These dire prognostications are reflected in bleak public attitudes, especially in rich developed countries. A YouGov poll in 2016 found only 6 percent of Americans thought the world was getting better. Other rich countries had even lower scores: Germany and the United Kingdom were at 4 percent, Australia and France at 3 percent. (The Chinese were the most optimistic, with 41 percent saying the world was getting better.) In 2017, a Pew Research Center poll reported that 41 percent of Americans thought that life today was worse than it was 50 years ago, compared to 37 percent who thought it was better.

In 2021, The Lancet published a poll of 10,000 young people (ages 16 to 25) in 10 countries (Australia, Brazil, Finland, France, India, Nigeria, Philippines, Portugal, the U.K., and the USA) asking how they felt about climate change that found pervasive pessimism about the future. About 75 percent reported that “they think the future is frightening,” with more than 55 percent agreeing that “humanity is doomed” and 39 percent saying they are “hesitant to have children.” About 45 percent responded that “their feelings about climate change negatively affected their daily life and functioning.” A YouGov poll in 2022 found more than 30 percent of American adults thinking climate change will lead to extinction of the human race.

In 2023, 76 percent of Americans in an NBC survey were “not confident that life for our children’s generation will be better than it has been for us.” That same year, a Wall Street Journal poll similarly reported that 78 percent of Americans believe that life for their children will not be better than it was for themselves. A November poll by the European Council on Foreign Relations found only 24 percent of Americans were optimistic about their country’s future. These are the headwinds that the emerging progress movement is combating.

The Optimistic Opposition

There is a division of labor between the pro-progress groups. The Roots of Progress is focused on creating a new philosophy of progress and promoting young intellectuals who propound it. In an essay outlining what that might look like, Crawford argues for “a renewed vision of the future” that accelerates technological progress to provide humanity with cheap, abundant, clean fusion energy, permanent settlements in space, and cures for diseases and even aging itself using advanced biotech. “A future where we don’t just end poverty, but create new levels of wealth so fantastic that they make today’s wealth look like poverty in comparison—just as was done over the last two hundred years,” he writes.

“We are going to need a large body of intellectuals, of writers, creatives, educators, and journalists,” says Crawford.
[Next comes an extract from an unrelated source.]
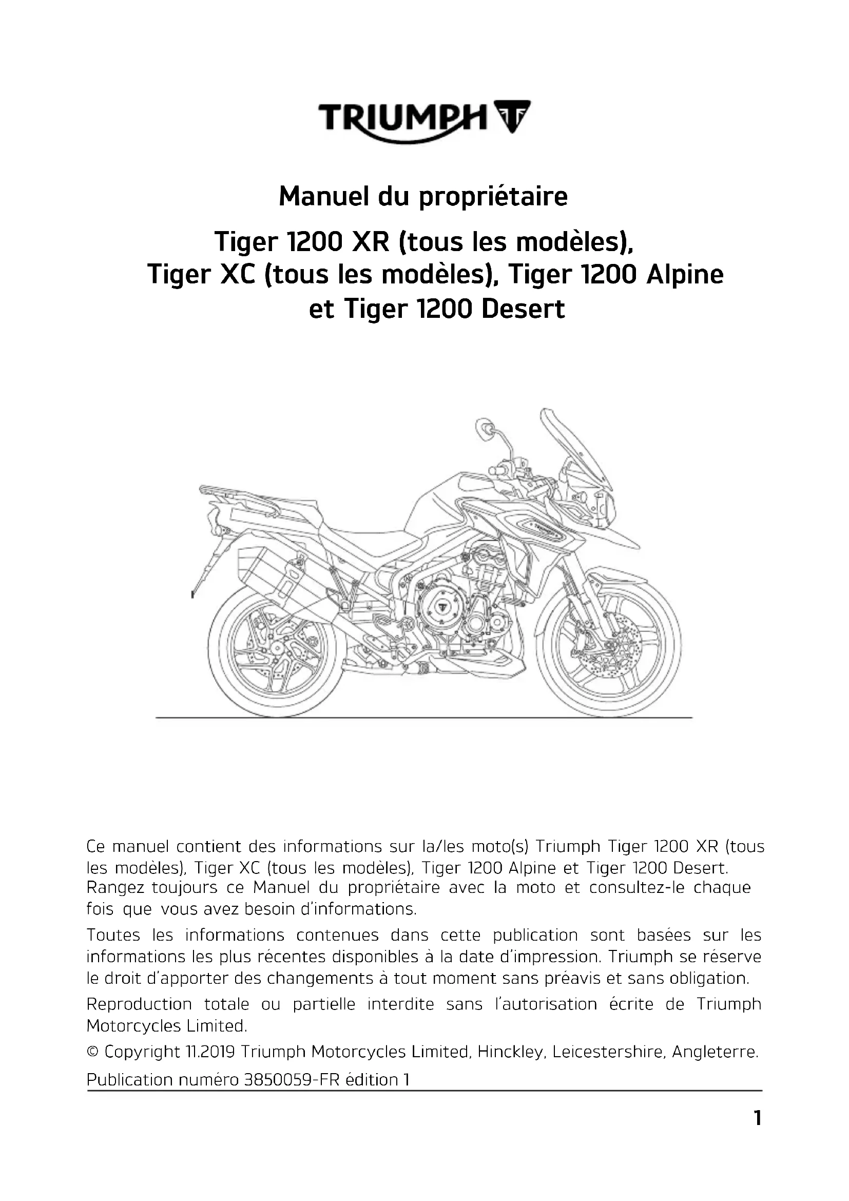 Manuel du propriétaire Tiger 1200 XR (tous les modèles), Tiger XC (tous les modèles), Tiger 1200 Alpine et Tiger 1200 Desert Ce manuel contient des informations sur la/les moto(s) Triumph Tiger 1200 XR (tous les modèles), Tiger XC (tous les modèles), Tiger 1200 Alpine et Tiger 1200 Desert. Rangez toujours ce Manuel du propriétaire avec la moto et consultez-le chaque fois que vous avez besoin d’informations. Toutes les informations contenues dans cette publication sont basées sur les informations les plus récentes disponibles à la date d’impression. Triumph se réserve le droit d’apporter des changements à tout moment sans préavis et sans obligation. Reproduction totale ou partielle interdite sans l’autorisation écrite de Triumph Motorcycles Limited. © Copyright 11.2019 Triumph Motorcycles Limited, Hinckley, Leicestershire, Angleterre. Publication numéro 3850059-FR édition 1

To develop this cadre, the group has created a fellowship program as “a career accelerator for progress intellectuals.” There were over 500 applicants for the first cohort, of which 19 were selected. The selected fellows analyze how to remove the regulatory roadblocks that stymie infrastructure and clean nuclear power deployment, how to incentivize countries to welcome more immigration, and how to overcome pervasive risk aversion in awarding research grants.
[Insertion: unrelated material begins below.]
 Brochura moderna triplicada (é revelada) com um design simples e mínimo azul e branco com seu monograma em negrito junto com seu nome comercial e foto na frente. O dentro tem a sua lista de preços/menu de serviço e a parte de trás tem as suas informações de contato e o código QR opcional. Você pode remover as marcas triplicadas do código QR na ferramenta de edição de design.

The Institute for Progress (IFP), co-founded by Caleb Watney and Alec Stapp, focuses on finding public policy ideas that can boost innovation sooner rather than later. “Because of the unique position of the United States, we have a moral call to really take the lead and embrace our role as the world’s R&D lab,” argues Watney. The U.S., he notes, has particular advantages when it comes to scientific and technological progress: the concentration of the world’s top universities, the fact that the world’s top scientific minds want to immigrate here, a huge and dynamic economy that enables the rapid iteration and prototyping of new technologies.
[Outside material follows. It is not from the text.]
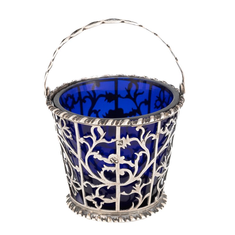 circular tapering form with pierced scroll decoration, engraved initials, pierced swing-handle, with a blue glass liner, height 6.6cm, approx. weigh 2.3oz.

“The Institute for Progress is not an organization focused on mass politics,” Watney adds. “We are not going to get people to hold up banners saying, ‘I want total factor productivity growth to be higher.'” Instead, it’s “a very incrementalist organization” that looks “for issues that are important. If you were to change them, would they really matter? Are they tractable? Does it seem like you could actually move the needle on them in a useful way in, say, the next five years?” Among other activities, IFP researchers engage in such nitty-gritty work as filing detailed comments on federal agency proposals. For example, the IFP recently advised the Biomedical Advanced Research and Development Authority on how to hasten the development of more effective coronavirus vaccines. Also, the IFP signed an agreement last year to partner with the National Science Foundation to help the agency develop faster mechanisms for funding high-risk, high-reward research proposals.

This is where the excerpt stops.